论文标题
基于回归的解释性离散数据的插补
Regression-based imputation of explanatory discrete missing data
论文作者
论文摘要
缺失值的插补是在测量过程中处理非响应或数据丢失的策略,这可能比忽略它们更有效。当变量代表计数时,解决这个问题的文献很少。同样,如果观察到过度分散或不足的问题,建议进行泊松分布的概括以进行插补。为了评估与经典计数模型相比,在离散变量的插补中的各种回归模型的性能,这项工作提出了一项全面的模拟研究,考虑了各种情况和真实数据。为此,我们比较了仅使用完整数据的估计结果,并使用基于Poisson,负二项式,Hermite和Compoisson分布以及ZIP和ZINB模型的归档进行了归纳。这项工作的结果表明,在任何分散场景中,综合分布总体上提供了更好的结果,尤其是当丢失的信息量较大时。当变量呈现缺失值是计数时,最广泛使用的方法是假设经典的泊松模型是估算缺失计数的最佳选择。但是,在现实生活研究中,这个假设并不总是正确的,并且通常发现表现出过度分散或分散不足的计数变量,为此,Poisson模型不再是插补的最佳用途。在几种方案中,分析的方法的性能有所不同,这表明在决定使用插补方法之前,分析分散和可能存在多余的零。 COMPOISSON模型的性能很好,因为它在具有过度和不足的特征以及等分分散的特征的计数方面具有灵活性。

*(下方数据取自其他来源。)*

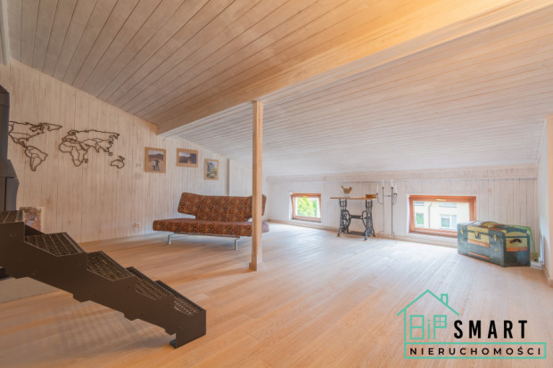 Jasne, wykończone naturalną drewnianą lamperią poddasze to prawdziwa perła tego domu. To może być Twój domowy gabinet, pracownia artystyczna, sala zabaw dla dzieci, strefa fitness, biblioteka czy cokolwiek, czego potrzebuje Twój styl życia. Wysokie skośne sufity i naturalne drewno tworzą wyjątkowy, skandynawski klimat.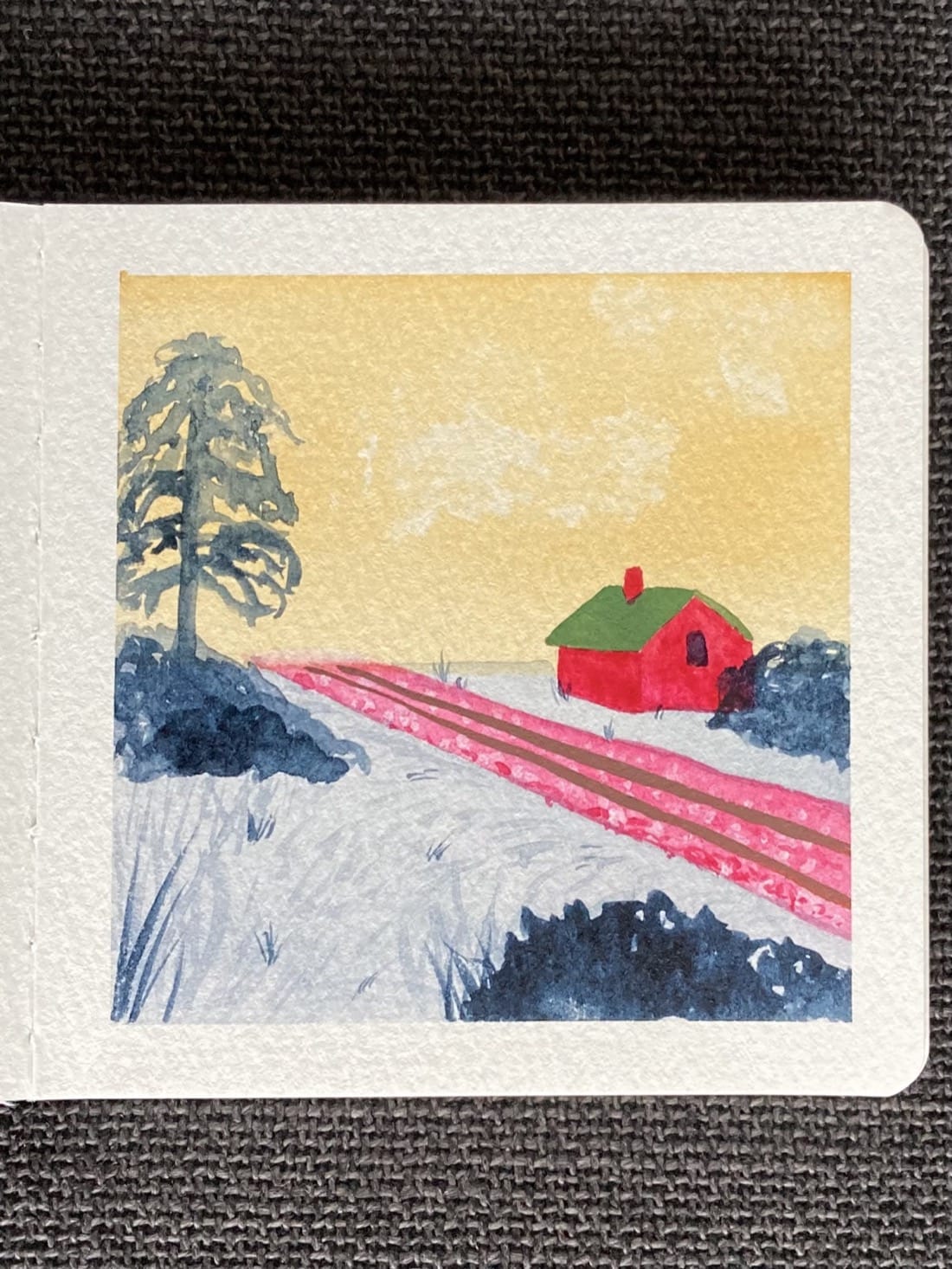 A watercolor landscape painting with unusual color choices. A small bright pink house with a deep green roof sits on the right side of a field of pale blue grass, which is cut through by train tracks running diagonally from the left over pink gravel. To the right is a small hill covered in deep blue bushes, and upon which grows a tall tree with many downturned branches. In the foreground are deep blue grasses to the left and a low deep blue bush to the right. Above the scene hangs a yellow sky with a few fluffy white clouds.
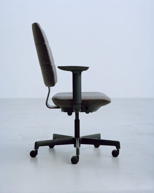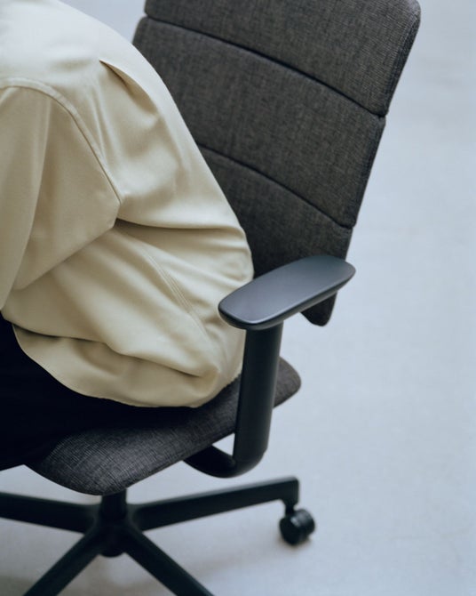 3)家具としての静けさを纏うフォルム従来のオフィスチェアに多いエルゴノミックなフォルムから一線を画し、シンプルなスクエアのシルエットの中に、エルゴノミクスに基づいた3次元のカーブを内包。“存在を主張せず、使う人の姿を引き立てる”――ノイズのない形状と、身体をやわらかに支える高い快適性を両立したデザインです。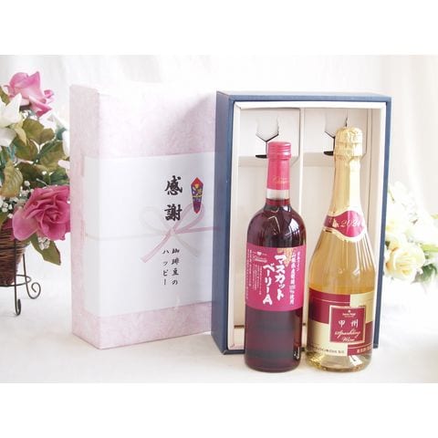 春の贈り物便り 感謝の贈り物ボックス 山梨県産葡萄マスカットベーリーA種使用ワインと国産ワイン2本セット(甲州スパークリング 白ワインやや辛口(山梨県)720mlマスカットベーリーA赤ワイン720ml

Imputation of missing values is a strategy for handling non-responses in surveys or data loss in measurement processes, which may be more effective than ignoring them. When the variable represents a count, the literature dealing with this issue is scarce. Likewise, if problems of over- or under-dispersion are observed, generalisations of the Poisson distribution are recommended for carrying out imputation. In order to assess the performance of various regression models in the imputation of a discrete variable compared to classical counting models, this work presents a comprehensive simulation study considering a variety of scenarios and real data. To do so we compared the results of estimations using only complete data, and using imputations based on the Poisson, negative binomial, Hermite, and COMPoisson distributions, and the ZIP and ZINB models for excesses of zeros. The results of this work reveal that the COMPoisson distribution provides in general better results in any dispersion scenario, especially when the amount of missing information is large. When the variable presenting missing values is a count, the most widely used method is to assume that a classical Poisson model is the best alternative to impute the missing counts; however, in real-life research this assumption is not always correct, and it is common to find count variables exhibiting overdispersion or underdispersion, for which the Poisson model is no longer the best to use in imputation. In several of the scenarios considered the performance of the methods analysed differs, something which indicates that it is important to analyse dispersion and the possible presence of excess zeros before deciding on the imputation method to use. The COMPoisson model performs well as it is flexible regarding the handling of counts with characteristics of over- and under-dispersion, as well as with equidispersion.